LA PROMESSE TRAHIE DU RETOUR DES TRÉSORS D'AFRIQUE
Depuis l'engagement de Macron en 2017, l'attente se fait interminable pour les pays du continent. Dans une tribune cinglante, des responsables du Bénin, du Nigeria et du Sénégal dénoncent le "choc" d'un nouveau report de la loi sur les restitutions
(SenePlus) - Dans une tribune publiée dans Le Monde le 30 avril 2024, des responsables de musées et de la restitution du patrimoine du Bénin, du Nigeria et du Sénégal ont exprimé leur profonde déception face au report de la loi promise par Emmanuel Macron en 2017 pour faciliter les restitutions d'œuvres d'art africaines.
"Le report de la loi promise est pour nous un choc", ont écrit Babatunde E. Adebiyi, Fatima Fall Niang et Alain Godonou, déplorant que seuls 27 biens aient été rendus depuis les engagements du président français il y a sept ans.
En 2017 à Ouagadougou, M. Macron avait affirmé : "Je veux que, d'ici cinq ans, les conditions soient réunies pour des restitutions temporaires ou définitives du patrimoine africain en Afrique." Cette déclaration, suivie du rapport Sarr-Savoy en 2018, avait soulevé un immense espoir chez les pays francophones dont certains trésors majeurs se trouvent encore en France depuis la colonisation.
Cependant, les critiques du Conseil d'État français sur le projet de loi, révélées par Le Monde, soulignent de nombreux vices juridiques.

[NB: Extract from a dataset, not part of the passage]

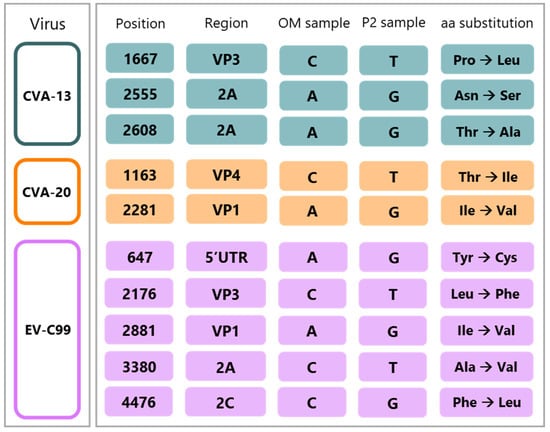 Mutations acquired by CVA-13, CVA-20, and EV-C99 after two passages on Caco2 cells. For each mutation, the nucleotide position, the region of the genome, the nucleotide in the OM sample, the nucleotide in the P2 sample, and the amino acid substitution are indicated. Green indicates CVA-13, orange indicates CVA-20, and pink indicates EV-C99. CVA-13 (Coxsackievirus 13), CVA-20 (Coxsackievirus 20), EV-C99 (Enterovirus C 99), OM sample (original fecal sample), P2 (passage 2), aa (amino acid), 5′UTR (5′ untranslated region), VP3 (capsid protein 3), 2A (2A protease), VP4 (capsid protein 4), VP1 (capsid protein 1), 2C (2C protein), G (guanine), A (adenosine), C (cytosine), T (thymine).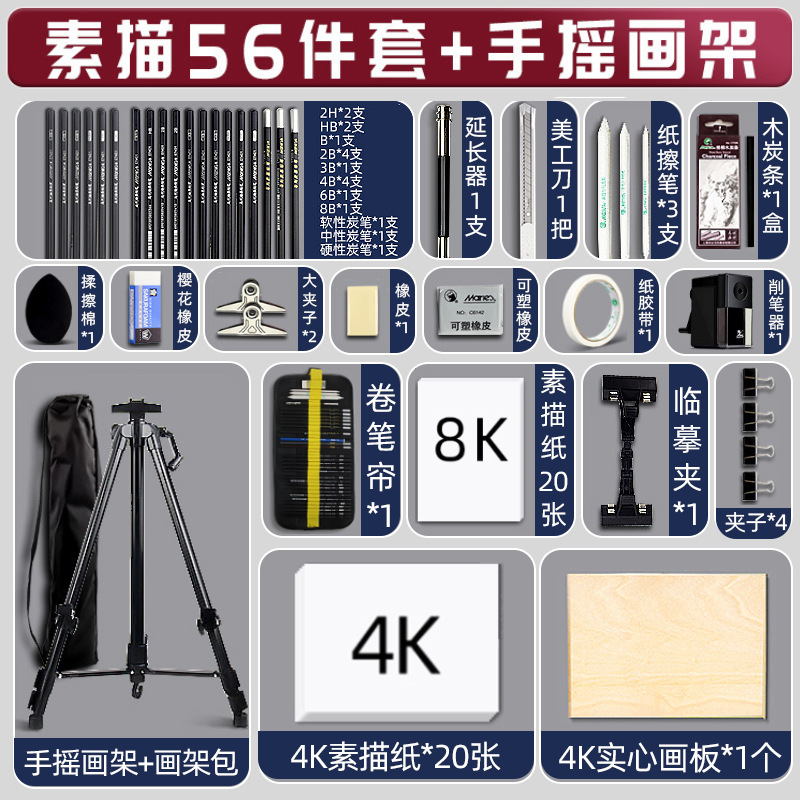 - 马利铅笔素描54件套-手摇画架-4K实心画板

Le Conseil estime notamment que le projet "contrevient à un principe fondamental" en ne justifiant pas les restitutions par "un intérêt public supérieur".

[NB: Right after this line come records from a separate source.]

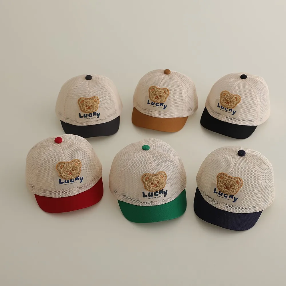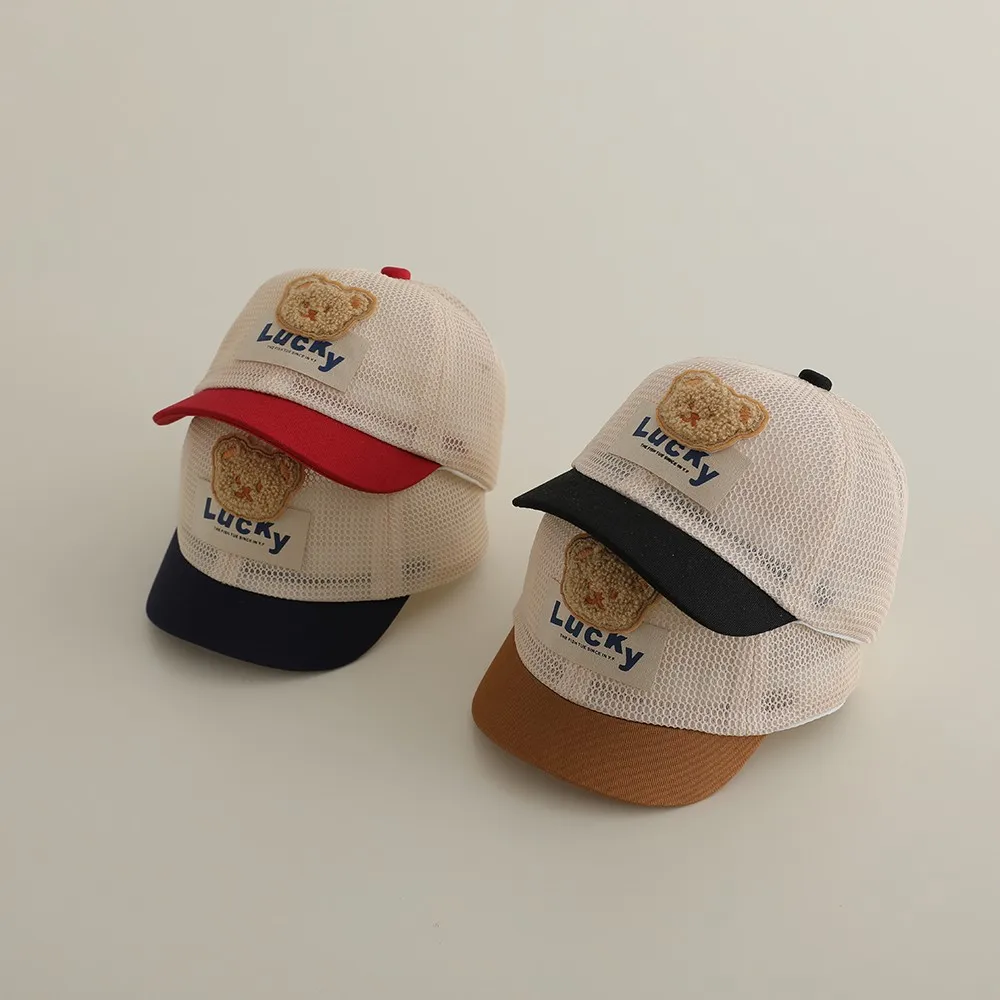 ベビー帽子 メッシュキャップ 野球帽 ベアくまワッペン サマーハット【mh0005589】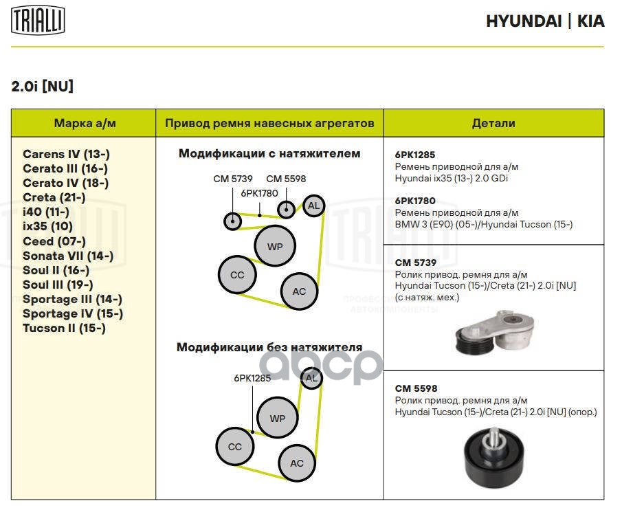 Ролик приводного ремня Hyundai Tucson 15-, Creta 21- 2.0i (NU) с натяж. мех. Trialli CM 5739 252812J001;252812E300;252812E350;T39420;1290D3;SR1212;3199SR;20R0519OYO;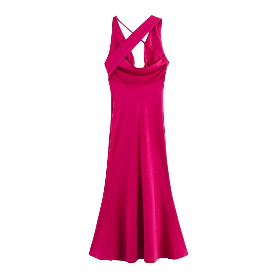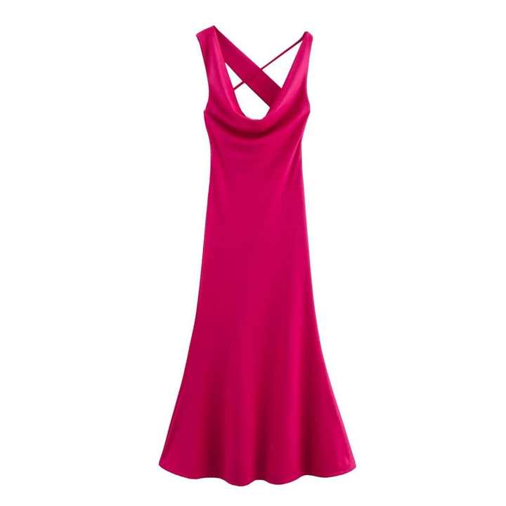 เดรสผู้หญิงทรงเข้ารูป ยาวปานกลาง ผ้าทอธรรมชาติ ระบายอากาศดี สไตล์วินเทจ ไร้แขน เปิดหลัง ดีไซน์เรียบหรู ทันสมัย สำหรับฤดูใบไม้ผลิ ปี 2025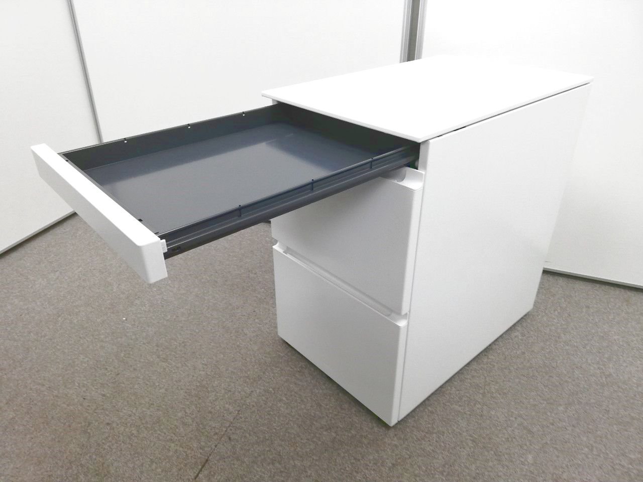 通常規格(H700mm)で天板下に引出しが付いているデスクの下には収納できないハイタイプです。

"L'intérêt culturel des peuples n'est-il pas un motif impérieux, un intérêt général supérieur ?", s'interrogent les auteurs, citant le Pacte international de 1966 sur les droits civils et politiques ratifié par la France. Ils appellent à "fonder une éthique relationnelle repensée" avec des "commissions scientifiques paritaires" étudiant l'histoire de ces appropriations.
Le Conseil d'État a également critiqué la "conditionnalité" prévue par le texte, avec une "obligation de présentation au public" des œuvres restituées, perçue comme un contrôle néocolonialiste de la politique culturelle africaine.
"Depuis 2017, la France n'a restitué que 27 biens, alors que d'autres pays européens se sont engagés dans des restitutions bien plus ambitieuses", regrettent les responsables, évoquant le cas du Nigeria qui a recouvré la propriété de milliers d'œuvres via des accords.
"La restitution est d'un intérêt supérieur : transmettre notre histoire, éduquer, inspirer nos artistes, développer notre économie, refonder nos coopérations, asseoir notre identité", plaident-ils. "Nous sommes prêts à bâtir avec nos homologues français une éthique relationnelle repensée."